Image Credit/ Vocativ
By Joshua Speer
There has been a lot of racially motivated hysteria in the United States lately. Much of it involving monuments to people that have been dead for more than a century, especially relating to the short-lived Confederate States of America. You always hear about how these statues somehow celebrate slavery, but how accurate is that assessment?
It is undeniable that slavery was a component of political conflict during this era. Yes, it was a big part of the Southern agrarian economy and it was in the Confederate constitution. However, Abraham Lincoln himself repeatedly clarified that his goal in waging war was solely to save the Union and said he would do it without freeing a single slave if he could. Going back on his word, he made it clear that emancipation was a military strategy in his 1863 letter to attorney James C. Conkling. Which makes sense, considering the slave states that remained in the Union were exempt from it.
This is in contrast with the man who is most often at the center of controversy concerning monuments, Robert E. Lee, who stated the following years before the war between the states even started:
“In this enlightened age, there are few I believe, but what will acknowledge, that slavery as an institution is a moral and political evil in any country.”
So what did the Confederacy fight for? Tariffs that were biased against the southern states, and beneficial to northern industry, were one of the most significant components. The South paid about 80 percent of the revenues collected, while most of it was being spent in the North. Passed just two days before Lincoln’s inauguration, the Morrill Tariff would raise the rate from around 15 percent to 37.5 percent. It was followed by a second tariff that raised the average rate to 47.06 percent. As a lifelong protectionist, the newly elected president was expected to enforce the more than tripled tariff rate. He made it clear that he would use force if necessary to do so.
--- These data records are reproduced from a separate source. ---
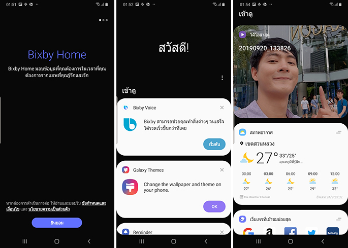 เมื่อปัดหน้าจอไปทางด้านซ้าย จะเข้าสู่หน้าของ Bixby Home ที่เป็นหน้ารวมข้อมูล แอปพลิเคชั่น และการแจ้งเตือนต่าง ๆ ที่จะมีการปรับแต่งเนื้อหาให้เหมาะสมกับผู่ใช้งานแต่ละคนอีกด้วย
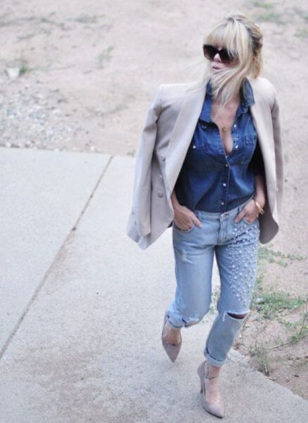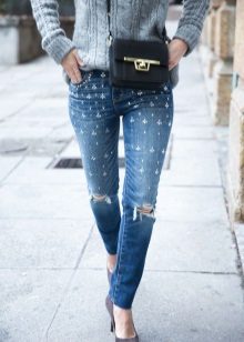 Jeans, decorated with beads, rhinestones or pearls, make it possible to quickly and easily transform even the most modest and strict outfit literally beyond recognition.
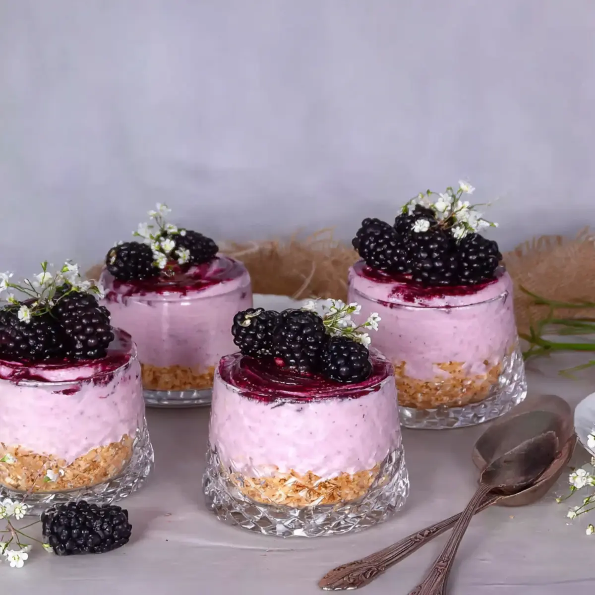 So bringst du Brombeer Cheesecake im Glas in wenigen Minuten zusammen
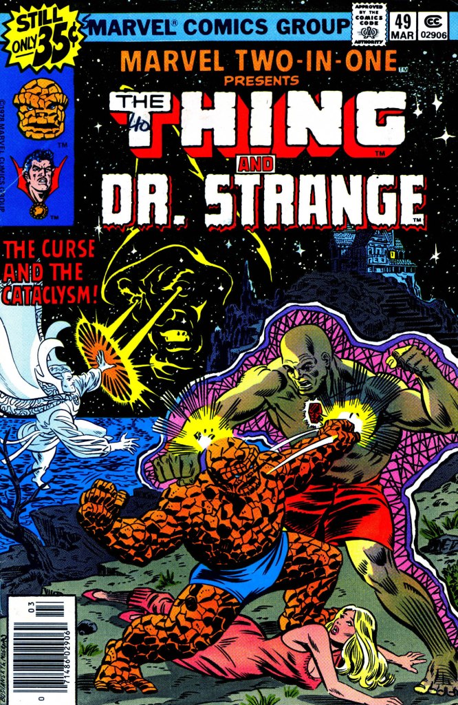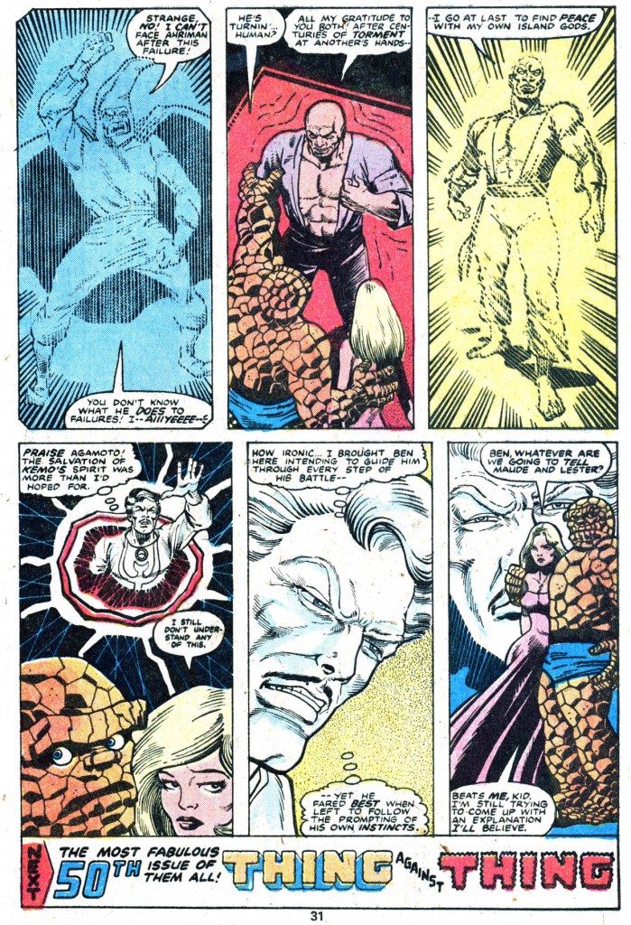 Ben, though, has been around the block a few times, and he’s worked out that it must be the gem embedded in Kemo’s chest that’s animating him, so he proceeds to crush it. This has a backlash effect on Ellis, and as the planetary alignment move on, he is drawn away to face the retribution of his hellish masters. As a result, Keno is freed from Eliis’ control, and he thanks Ben for his actions before also disappearing into teh afterlife. And the issue wraps up with the Thing having only the slightest ideas as to what had been going on, while Doctor Strange is satisfied with the resolution and is content to let sleeping dogs lie. The end. It’s a perfect fine story, but utterly unmemorable, with a villain and a set of circumstances that just didn’t stick to my ribs in any way.
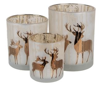 3 darabos karácsonyi gyertyatartó szett, üveg, arany és fehér, 7x8 cm, 9x10 cm, 10x12 cm
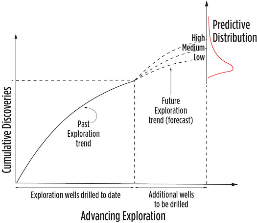In mature basins, what we’re really forecasting with our analysis is the continuation of the basin creaming curve,4 with the assumption that the curve is not about to make a significant, or step change to its trajectory by drilling a relatively small number of new wells compared to the cumulative number drilled so far, Fig. 3. By plotting the new prospects on a probability density function containing all basin discoveries to date, it helps establish “reasonableness” that the new undrilled prospect is in line with discovery sizes, Fig. 4. In practice, this calibration approach falls apart in new plays, and frontier or sparsely drilled areas, where few data are available and following introduction of breakthrough new technology like 3D seismic.
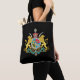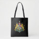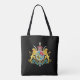 Tote Bag: Patriotic & Historical = Imperial Coat of Arms of Iran under the Pahlavi Dynasty, used from 1925 to 1979. The shield is composed of the Lion and the Sun symbol in first quarter , in the second quarter the Faravahar representing Zoroastrianism, in the third quarter the curved blade of a Imam Ali "Zulfiqar" sword representing Shia Islam, and the Simurgh in the fourth quarter. Overall in the center is a circle depicting Mount Damavand with a rising sun, the symbol of the Pahlavi dynasty. The shield is crowned by the Pahlavi crown and surrounded by the chain of the Order of Pahlavi. Two lions rampant regardant, holding scimitars supports the coat of arms on either side. Under the whole device is the motto: "Mara dad farmud va Khod Davar Ast" ("Justice He bids me do, as He will judge me" or, alternatively, "He gave me power to command, and He is the judge").
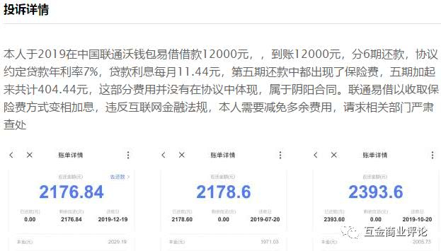 2019年12月16日,李先生在聚投诉发帖称,其在中国联通沃钱包“易借”借款12000元,分6期还款,协议约定贷款年利率7%,贷款利息每月11.44元,前五期还款中出现了保险费,五期加起来共404.44元,这部分费用并没有在协议中体现,属于阴阳合同。联通易贷以收保险费名义变相加息,本人需要见面多余费用,请求相关部门严肃查处。
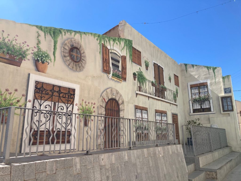La ermita de San Blas con su forma y su color tan propios, está al lado de un graderío que cubre la base de la peña por este lado. El castillo se asoma por encima. Hace un momento estábamos ahí en lo más alto de todo, pensamos. Al bajar, un precioso trampantojo nos alegra la vista.
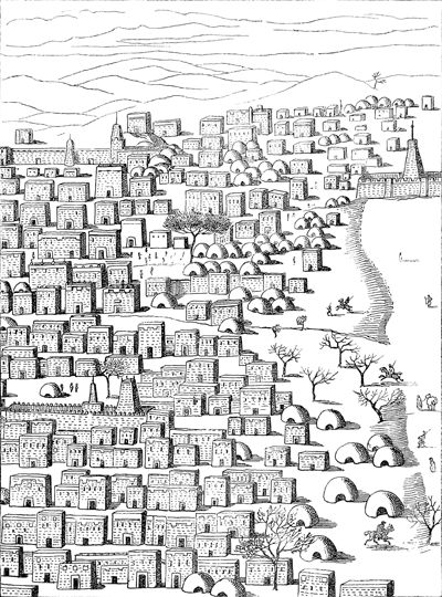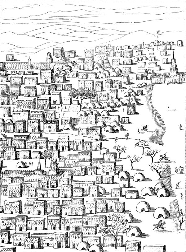 Vue d'une partie de Tembouctou.—D'après Caillié. Journal d'un voyage à Tembouctou....—Paris, 1830, 3 vol. in-8 et atlas in-fol.
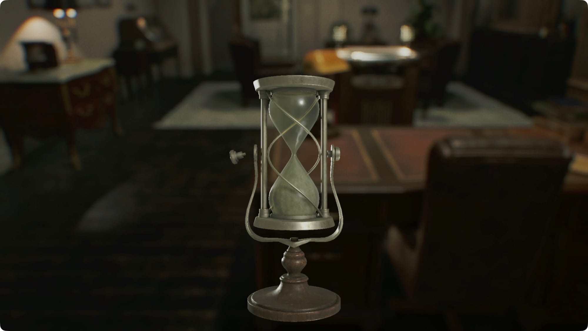 Hier gibt es viel zu sehen. Lesen Sie auf dem Schreibtisch den Hinweis zur Forschungsergebnisdatei. Hebe die Sanduhr auf. Während Sie es untersuchen, drehen Sie es so, dass die Drehschrauben zu Ihnen zeigen, und entfernen Sie sie dann. Sobald Sie dies getan haben, holen Sie sich den Gegenstand „Sanduhr“.
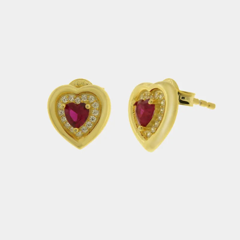 Orecchini in Argento 925 cuore a lobo con punto luce rosso
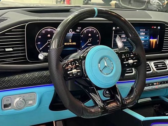 迈莎锐版奔驰GLS450环抱式中控台将运动与豪华做了很好的兼顾,中控台采用高档软质材料包裹,同时还有缝线工艺,以及大面积木纹饰板加以点缀。三幅式平底方向盘动感十足,头顶一个全景天窗提供车内采光,带来舒适的驾驶体验。
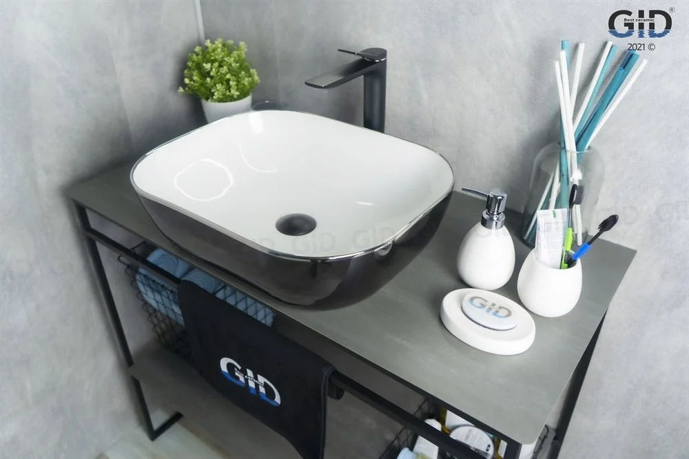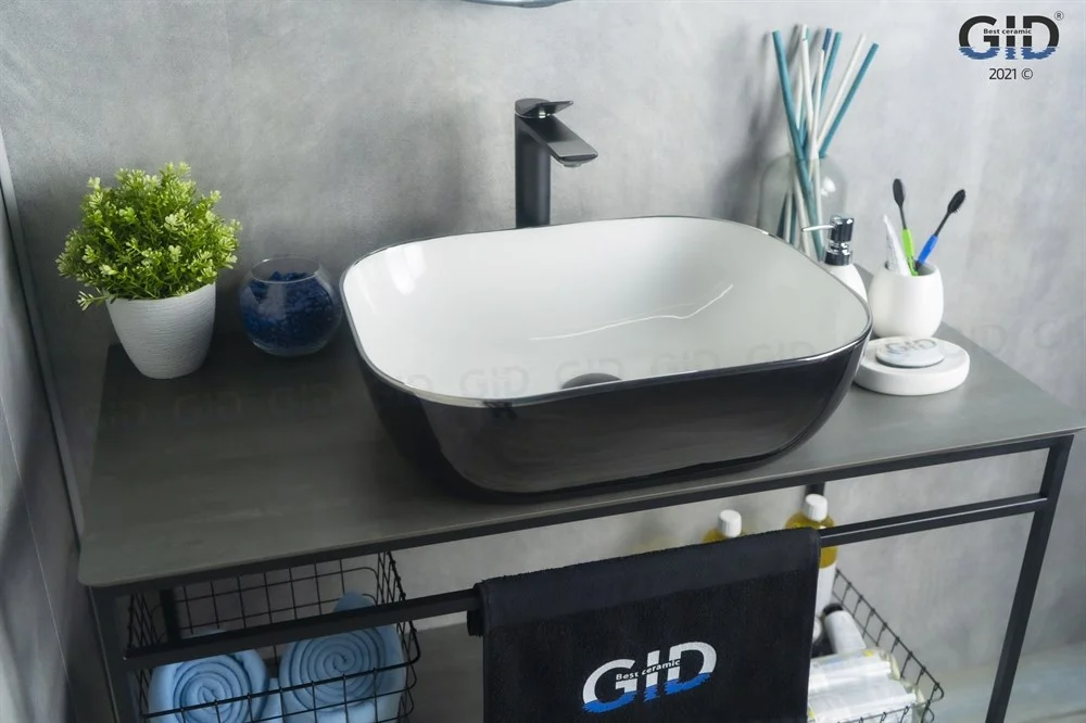 Раковина для ванной Gid D1302h134 монтируется на столешницу или мебель.

In his first inaugural address, the 16th U.S. president stated:
“The power confided to me will be used to hold, occupy, and possess the property and places belonging to the Government and to collect the duties and imposts; but beyond what may be necessary for these objects, there will be no invasion, no using of force against or among the people anywhere.”
This was his way of telling him that he was going to tax them into oblivion and they had better not refuse, or he will use force. Which he did. With literal human bondage, the position of the Union military’s commander was that he would not interfere. With the redistribution of wealth from one industry to another, he would by any means necessary. Prominent abolitionists like Lysander Spooner of Massachusetts understood that this was about the exploitation of the Southern economy by big business interests in the North, who were the driving force behind the Republican party.
Not long after Lincoln’s inaugural address, he maneuvered the Confederates into firing upon Fort Sumter by sending what was described as “a hostile fleet” of federal troops down to South Carolina in April of 1861, where an already separate government had been established. Why would anyone trust troops from a hostile, rival army on their land to begin with?
State sovereignty contributed largely to this bloody conflict. Before the Civil War, the United States was referred to with plurality. Separate nations tied together by a then voluntary Union. Confederate President, Jefferson Davis, said “all we ask is to be left alone” in his inaugural address. Ever since the North won the war between the states, we have referred to the U.S. as one nation.
In a response letter to Lord Acton of Britain in 1866, Robert E. Lee emphasized his concerns about the future in post-Civil War America:
“The consolidation of the states into one vast republic, sure to be aggressive abroad and despotic at home, will be the certain precursor of that ruin which has overwhelmed all those that have preceded it.”
Regardless of your thoughts about either side of this 150 year old conflict, the facts matter. Referring to monuments of these men as mere celebration of the institution of slavery is simply misguided. They symbolize hundreds of thousands of men who fought and died for their homeland.